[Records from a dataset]
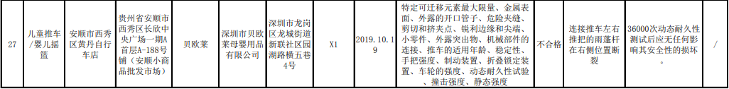 贵州省市场监管局:9批次童车不合格
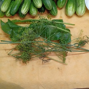 Листья хрена и стебли укропа хорошенько сполоснуть и тоже дать дать обсохнуть.
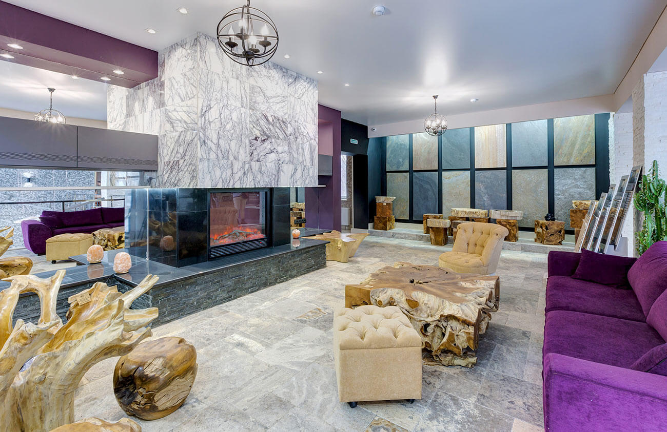 «Камин для гостей» — уютное место уединения для работы дизайнеров и архитекторов, а также приема посетителей выставочного салона — таковым было техническое задание на исполнение каминного портала.
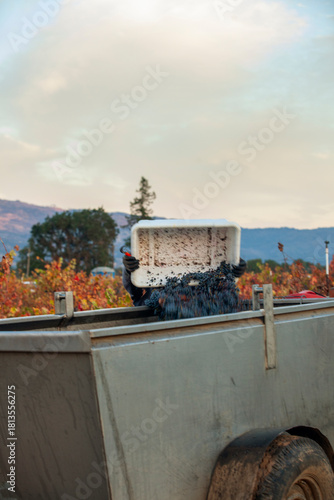 © Cavan, Naklejka premium Worker dumping hand picked grapes from bucket to grape bin
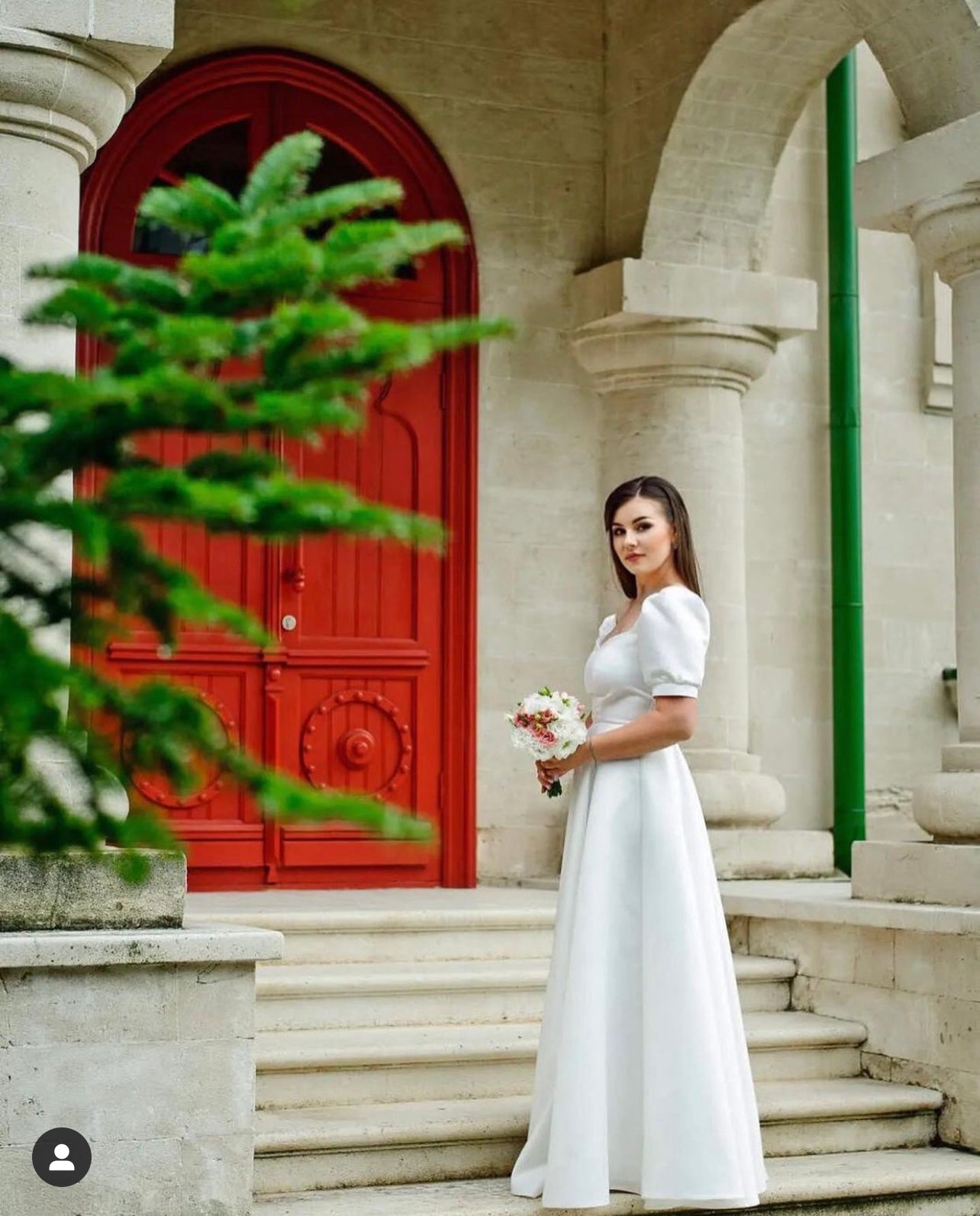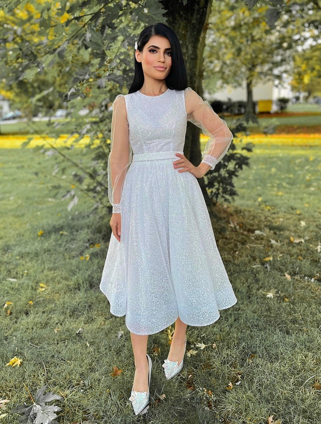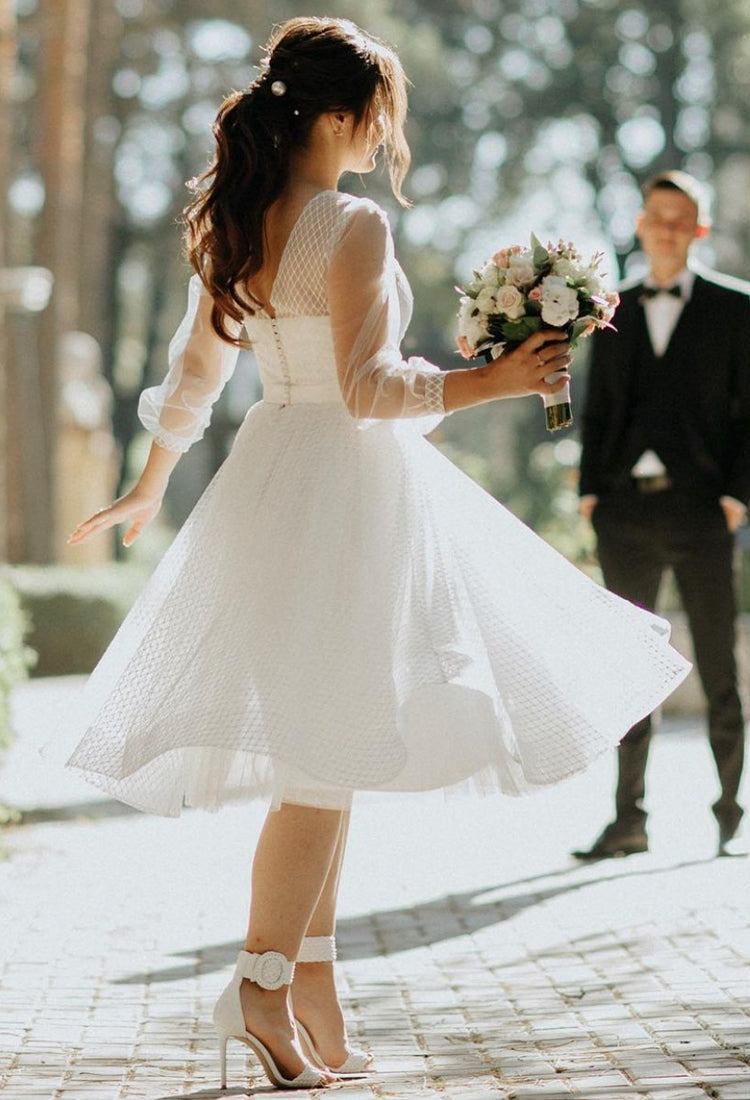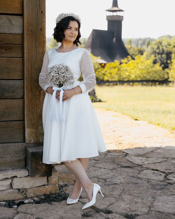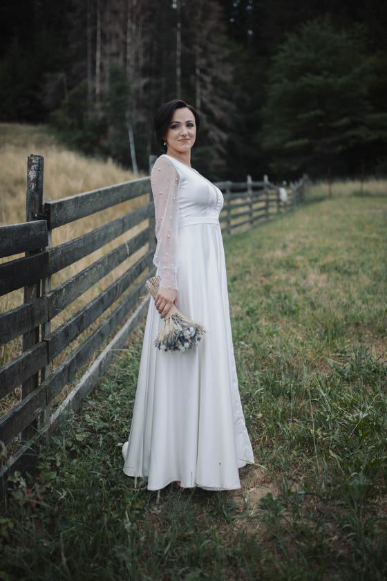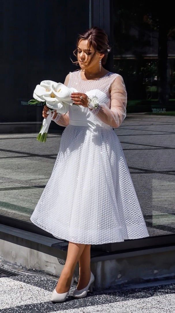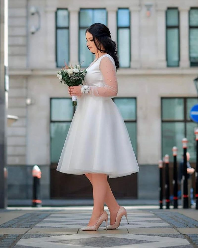 Abito per matrimonio civile particolare, svasato, con maniche lunghe e scollo

▸ AIM OF THE TASK
Without including the pictures, return each record above exactly as it stands.

▸ EXPECTED OUTPUT
 贵州省市场监管局:9批次童车不合格
 Листья хрена и стебли укропа хорошенько сполоснуть и тоже дать дать обсохнуть.
 «Камин для гостей» — уютное место уединения для работы дизайнеров и архитекторов, а также приема посетителей выставочного салона — таковым было техническое задание на исполнение каминного портала.
 © Cavan, Naklejka premium Worker dumping hand picked grapes from bucket to grape bin
 Abito per matrimonio civile particolare, svasato, con maniche lunghe e scollo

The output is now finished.